Five Reasons for Travelers to Walk. “In August 1992, when the dog days were drawing to an end, I set off to walk the county of Suffolk, in the hope of dispelling the emptiness that takes hold of me whenever I have completed a long stint of work,” the author W.G. Sebald once wrote. The result: Sebald’s 1995’s Rings of Saturn, one of the great books of the late-20th Century. It’s a reminder that walking while traveling offers rewards forbidden us when we solely rely on cars and other faster modes of transportation.
- Speed kills. That’s to say it kills the ability to slow down and really see our surroundings. Rather than the rushing blur of the world as seen through the window of a car or train, our surroundings sharpen. When speeding past those surroundings, everything simultaneously approaches in the extremely-near future and vanishes just as quickly into the past. It’s all gone before we know it. Walking allows us time to pause and contemplate whatever catches the eye.
- Time to think. As Nietzsche wrote, “All truly great thoughts are conceived while walking.” Though that’s perhaps an overstatement, it’s true the physical act of walking enhances the imagination. It’s easier to see beyond our usual assumptions with fresh air and unfamiliar sights. The mind, too, relaxes and breathes. A long walk in new surroundings eventually unleashes new insights.
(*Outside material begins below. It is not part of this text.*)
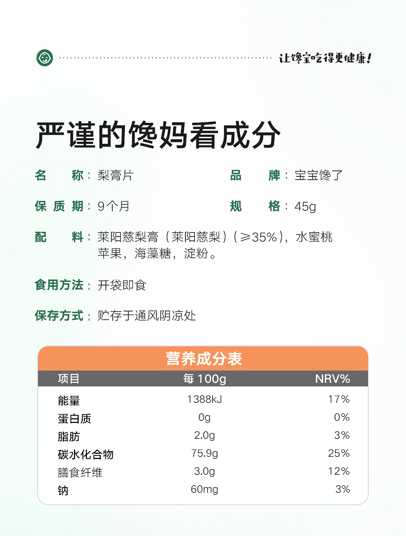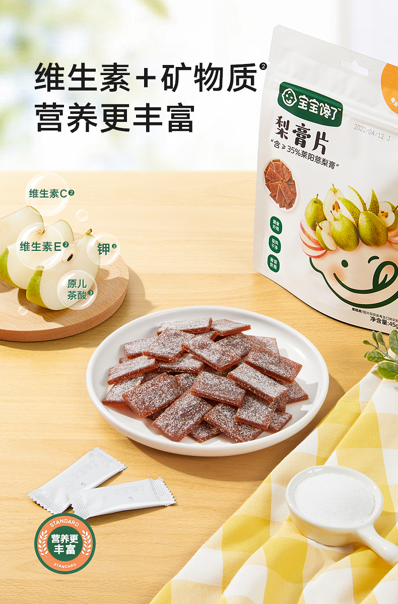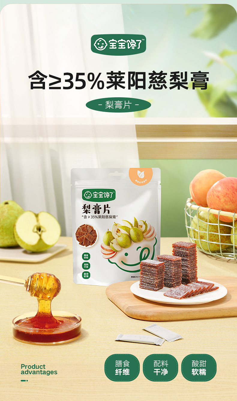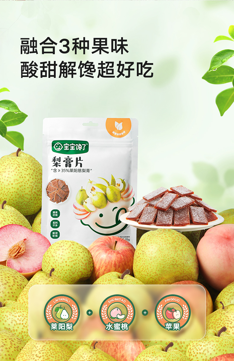 【宝宝馋了】多口味果片(梨膏片/西梅片)35%莱阳慈梨 送12月+婴幼儿食谱

Later, it’s often the case that longtime problems have seemingly worked themselves out not by our thinking about them but simply by walking with all senses fully engaged in the moment.
- Time out of time. “I like long walks, especially when they are taken by people who annoy me,” said Noël Coward. The reverse, too, is true. Sometimes we need a break from others. There’s no better way to make the most of solitude than a solitary walk. It puts us in touch with ourselves but – because we’re moving – less prone to decorum and others’ expectations.
- No expectations. It’s best if we walk without goals beyond the walk itself. Charlotte Eriksson writes, “Don’t try to make use of it, because you can’t. And that’s the point. Just walk, see, sit down if you like. And be. Just be, whatever you are with whatever you have, and realize that that is enough to be happy.” Despite all the benefits of walking mentioned above, we do best to forget them when we set out for a walk. We need only walk. The rest will take care of itself…and us.
- Wandering. Sometimes, we need to get lost on purpose…and without purpose…leaving our maps, travel guides and cell phone apps behind. By doing so, we nearly guarantee we’ll find ourselves in a place we otherwise would have never seen. We come to know a city better if we avoid visiting only tourist attractions and locations mentioned on top ten lists. We’re likely to head somewhere a local might go. What was hidden reveals itself. The same applies to ourselves.
In a world of instant information, instant everything, we need more slow motion. Walking provides the cure to our ever-shrinking attention spans. We need time to pay attention…and it doesn’t cost a dime.